Data section START

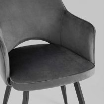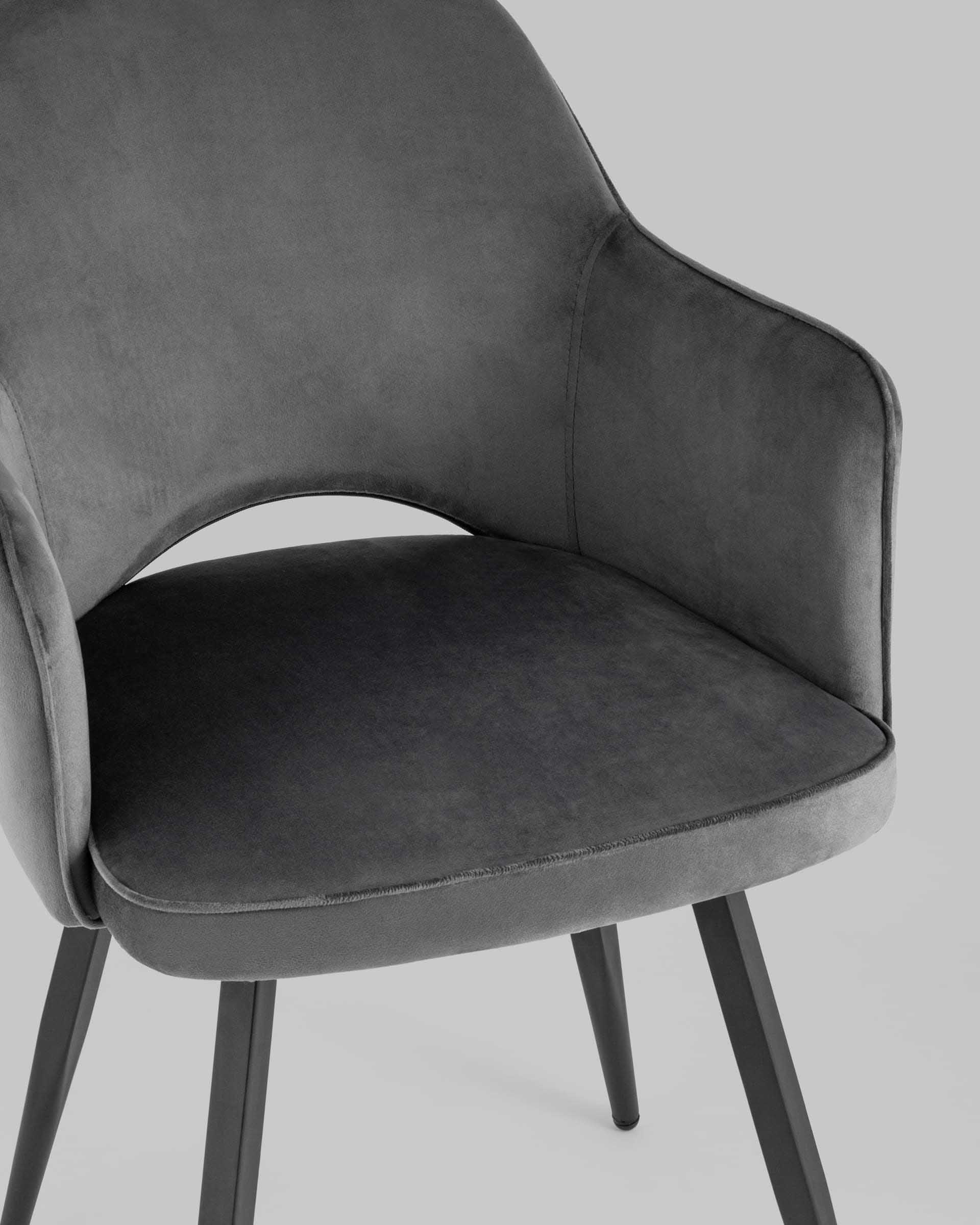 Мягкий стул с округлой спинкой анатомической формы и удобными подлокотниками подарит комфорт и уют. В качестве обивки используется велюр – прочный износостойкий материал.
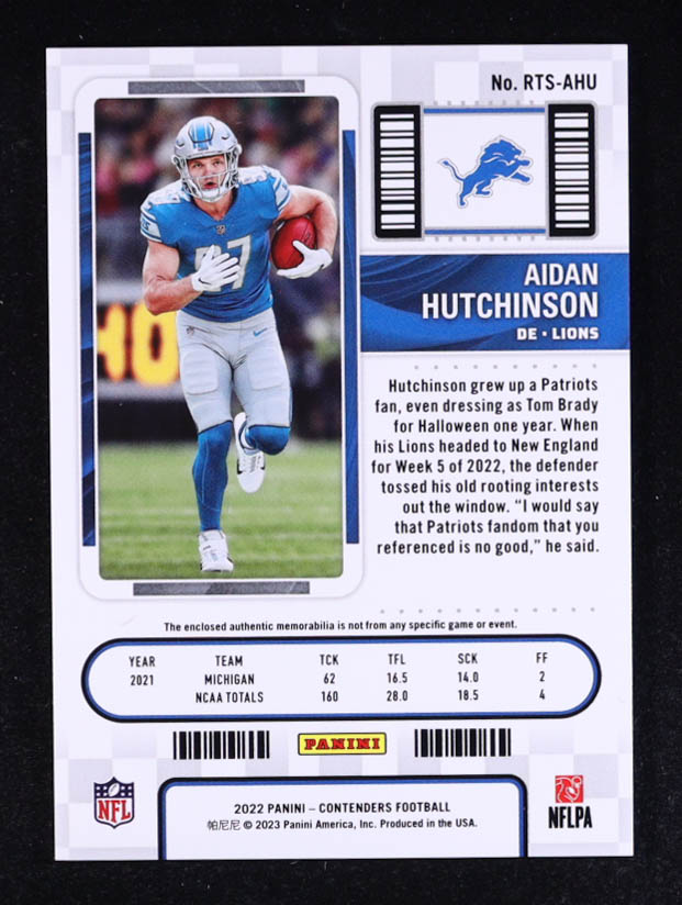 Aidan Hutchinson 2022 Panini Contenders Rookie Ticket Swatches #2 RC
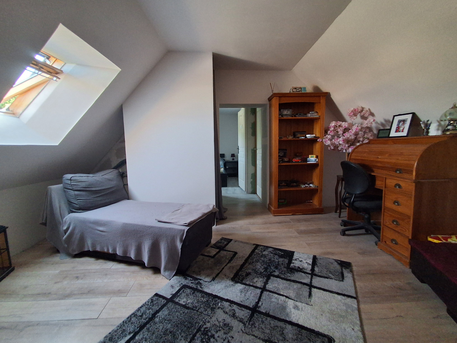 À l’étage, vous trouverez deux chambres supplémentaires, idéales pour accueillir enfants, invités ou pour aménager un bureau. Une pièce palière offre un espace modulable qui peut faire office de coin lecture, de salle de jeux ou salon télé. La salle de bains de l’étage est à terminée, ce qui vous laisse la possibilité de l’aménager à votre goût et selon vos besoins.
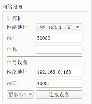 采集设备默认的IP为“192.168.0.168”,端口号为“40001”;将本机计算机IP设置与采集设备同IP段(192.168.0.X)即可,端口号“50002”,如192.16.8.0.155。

Data section END

Problem to work on
Copy out all of the data word for word. Do not carry over any picture.

Answer to the problem
 Мягкий стул с округлой спинкой анатомической формы и удобными подлокотниками подарит комфорт и уют. В качестве обивки используется велюр – прочный износостойкий материал.
 Aidan Hutchinson 2022 Panini Contenders Rookie Ticket Swatches #2 RC
 À l’étage, vous trouverez deux chambres supplémentaires, idéales pour accueillir enfants, invités ou pour aménager un bureau. Une pièce palière offre un espace modulable qui peut faire office de coin lecture, de salle de jeux ou salon télé. La salle de bains de l’étage est à terminée, ce qui vous laisse la possibilité de l’aménager à votre goût et selon vos besoins.
 采集设备默认的IP为“192.168.0.168”,端口号为“40001”;将本机计算机IP设置与采集设备同IP段(192.168.0.X)即可,端口号“50002”,如192.16.8.0.155。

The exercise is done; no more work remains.